Reuters Health Information (2006-12-29): Tenofovir plus emtricitabine shows efficacy in resistant HBV infection
Clinical
Tenofovir plus emtricitabine shows efficacy in resistant HBV infection
Last Updated: 2006-12-29 16:00:21 -0400 (Reuters Health)
NEW YORK (Reuters Health) - A switch from adefovir to tenofovir plus emtricitabine may achieve undetectable viral levels in chronic hepatitis B virus (HBV) infection when an adefovir-containing regimen fails, investigators at Mount Sinai School of Medicine in New York report.
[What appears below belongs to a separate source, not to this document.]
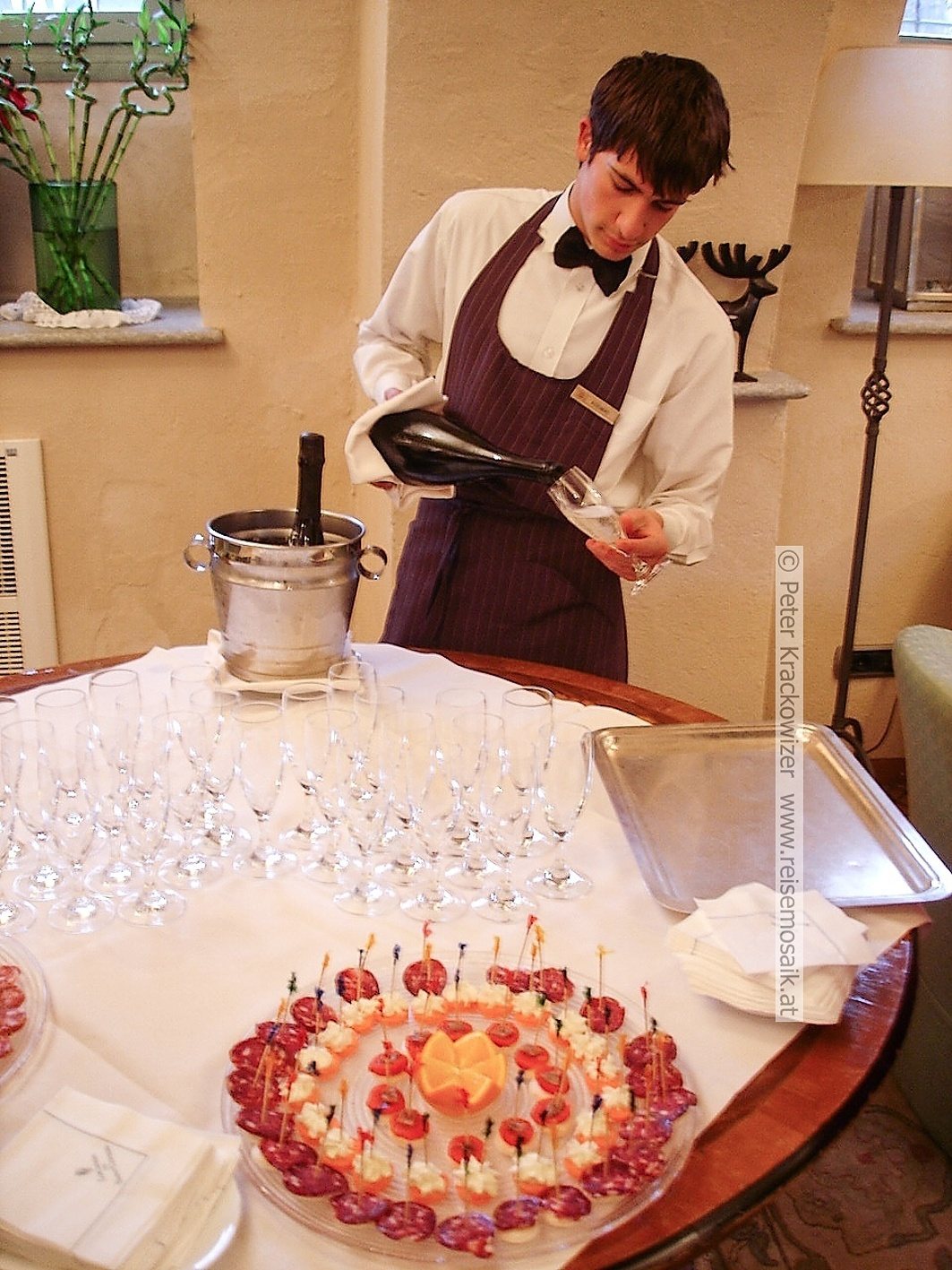 Diese kleinen Imbisse erhält man vor allem, wenn man einen Aperitif nimmt (den man in Venetien Golosessi oder Ombra nennt). Hier ein paar Beispiele für diese Happen (in einer Bar in Asti, Piemont) bzw. einem Aperitif in einem Hotel:

In a study published in the December issue of the European Journal of Gastroenterology and Hepatology, Dr. Stephanie A. Santos and colleagues describe seven patients with chronic HBV infection who failed to achieve undetectable levels of HBV DNA on adefovir or an adefovir-containing regimen.
Patients were all HIV- seronegative. They had been on adefovir for a mean of ten months at enrollment and median HBV DNA was 430,000 copies/ml with a median fall in HBV DNA of 2.0 log10copies/ml.
Dr. Santos' team changed treatment to tenofovir, 300 mg daily, and emtricitabine, 200 mg daily.
After a median treatment duration of 23 months with tenofovir, the HBV DNA fall was 3.0 log10copies/ml.
All seven patients achieved undetectable HBV DNA levels with tenofovir. Anti-hepatitis B e seroconversion occurred in one patient.
There were no significant changes in serum creatinine levels and none of the patients reported serious adverse effects.
"Given the possibility of significant morbidity and mortality with hepatitis B, it is imperative that new treatment options be explored," the investigators point out. "It has been shown that lower levels of HBV DNA correlate with an improved histologic, biochemical and serologic response."
While adefovir is the treatment of choice for chronic HBV infection, resistance develops in more than one-quarter of patients, the authors write. The response in this series of patients to tenofovir after treatment failure with adefovir indicates that it may be an effective option for patients with resistant HBV infection.
Eur J Gastroenterol Hepatol 2006;18:1247-1253.